Two wells, organized in a staggered line drive, form the basis of the model -- one well in the top of the reservoir to inject supercritical carbon dioxide into the system, and another well at the bottom of the reservoir to extract oil. Carbon dioxide normally behaves like a gas at room temperature and pressure, but when it is pressurized and heated past a certain point -- the critical point -- it becomes a supercritical fluid, which exhibits liquid density and gas viscosity. When injected at a continuous rate, supercritical carbon dioxide is an excellent solvent that is able to contact oil and form two hydrocarbon phases -- one that is light, containing a significant amount of carbon dioxide, and one that is denser, containing more oil.
"The idea of our model is that, if you can inject carbon dioxide as a supercritical fluid into the reservoir, it will extract light components from the oil, such as methane. This forms a less dense and less viscous fluid. Then, the reservoir is drained of water and oil, and the more buoyant, carbon-dioxide-rich fluid expands in a controlled way toward the lower well, where the oil can be extracted," said Russell Johns, professor of petroleum and natural gas engineering, Penn State.
The only limitation of the model is that it requires a closed environmental system, in which carbon dioxide cannot escape from the reservoir and water and oil is drained from below.
"Imagine you had a cup filled with water and you used a straw to take out water at a constant rate," said Johns. "You could keep doing that until you had nothing left as long as the water level was more or less horizontal. But if that cup was porous and contacted a deep underground aquifer, the cup would be constantly refilling, and the process would not be as effective since water would continue to occupy a significant amount of pore space. However, if the water and oil can be effectively drained like they are when using our approach, then there is significantly more room for storage of carbon dioxide."

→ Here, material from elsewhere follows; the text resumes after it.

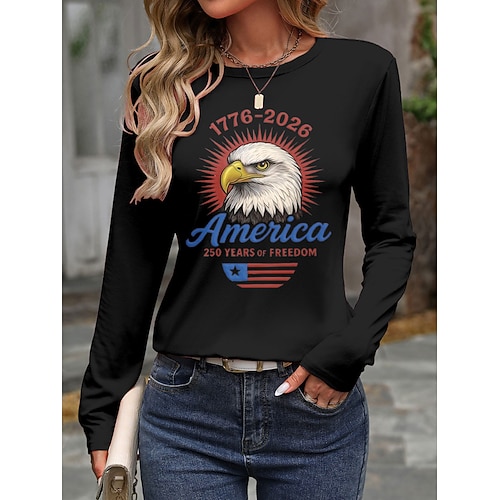 T-Shirt per la Festa dell'Indipendenza Americana 250° per Donne Grafica Bandiera USA Moda Stilosa Classica Manica Lunga Girocollo Collo Rotondo Top Regolari Stampa Giornaliera Weekend Blu Nera Bianca

Whether or not oil and natural gas companies will use the model depends on a number of factors, including the price of oil, the location of existing wells, the source and cost of carbon dioxide and the amount of oil predicted to be within reservoirs, the team said. This approach gives the best possible scenario of how recovery could be enhanced, while simultaneously storing carbon dioxide.

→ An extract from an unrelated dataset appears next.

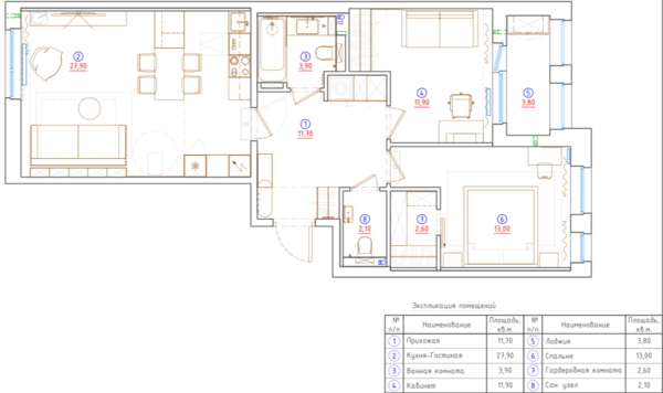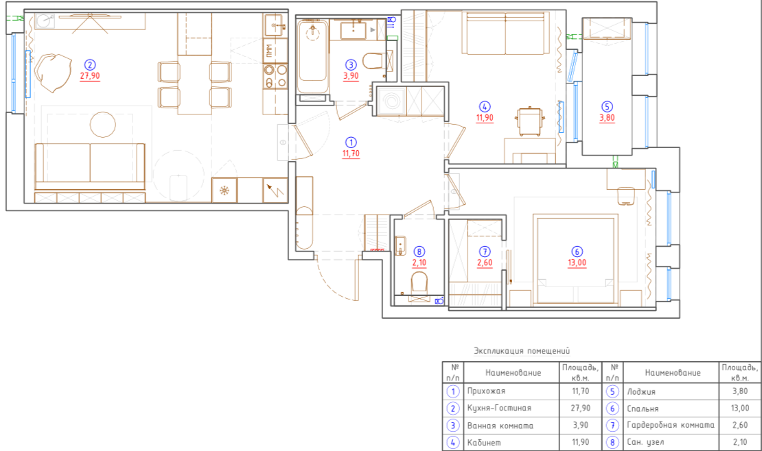 В рамках перепланировки кухню перенесли в пространство бывшей жилой комнаты, объединив её с гостиной. Так появилась открытая зона с островом, обеденной группой и полноценным местом для отдыха. Входную часть пересобрали: часть площади задействовали под хозблок и расширение санузла. Спальню разделили, добавив отдельную гардеробную и встроенное рабочее место. Вторую жилую комнату переосмыслили как кабинет для удалённой работы и редких визитов гостей.

The team used data from reservoirs in the Gulf of Mexico, and then developed a computerized simulation that ran 7,000 times to account for variations in reservoir properties that exist across the U.S.

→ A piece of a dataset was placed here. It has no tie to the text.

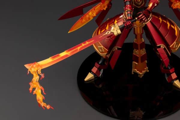 While sculpted in the same scale as Sky Striker Ace – Raye and Sky Striker Ace – Roze, this piece far surpasses the previous ones in volume, making for an outstanding display. Fine details that cannot be seen on the card have been recreated with precision, such as the features in the armor, weapons, and wings on the back.

"In any given reservoir, the properties change spatially based on the depth, chemistry, physical composition and other factors," said Liwei Li, graduate student in energy and mineral engineering, petroleum and natural gas engineering option, who was lead author on the paper published in a recent issue of theInternational Journal of Greenhouse Gas Control. "In our model, we used geostatistical and petrophysical techniques that would allow us to account for those variations."
The team's research suggests that this novel method of carbon sequestration would be much more effective and reliable than sequestration techniques currently being investigated, such as sequestration into deep saline reservoirs or water-alternating gas.
"If you were to inject carbon dioxide into saline deposits underground, you would need to drill wells and install pipelines to transport it to the site," said Saeid Khorsandi, an EME graduate student in the PNGE option who was a member of the research team. 'This creates an added expense for companies but no added revenue. Using our model, however, companies can leverage their existing horizontal drilling infrastructure, which is more economical in the long run."